The Congress, which fought the election in partnership with the Telugu Desam, emerged as the principal opposition with 19 seats, while the BJP reduced to a single MLA. The MIM, a friendly party to the ruling pink party, won seven seats.
Sudden Relevance of BJP
But Chief Minister KCR, delaying forming a government and swearing in a cabinet for over two months, spent all his energies in having Congress MLAs defected to treasury benches. Several Congress MLAs shifted, but within a few months, angry people of Telangana used the Lok Sabha elections of April 2019 to punish the TRS for making a mockery of the democracy.

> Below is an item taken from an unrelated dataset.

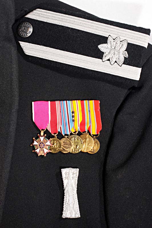 1. U.S.A.F. "Mustang" Lt. Colonel Mess Dress Jacket. 1970's era jacket manufactured by Lauterstein's with "Missileman" insignia. Miniature medals are WWII era and include the Legion of Merit, Good Conduct Medal, American Campaign Medal, Asiatic Pacific Campaign Medal, Victory Medal, and National Defense Medal. Excellent Condition.

Far from winning all 17 Lok Sabha seats from the state as he hoped, KCR lost eight. Worse, in a statement of personal resentment, voters defeated his daughter K. Kavitha in Nizamabad.
With four Parliamentary seats, a reduced to naught BJP felt like a force, replacing Congress as the principal opposition.
After wresting a recent by-election in Dubbaka from the TRS, a crucial constituency abutting CM KCR’s Gajwel and his nephew and finance minister T Harish Rao’s Siddipet, the BJP succeeded in creating a perception that it was the only challenger to TRS. KCR, ever a disruptive thinker, who likes to set the agenda, called for a snap poll on December 1 for the GHMC, barely giving enough time for rivals to decide on candidates.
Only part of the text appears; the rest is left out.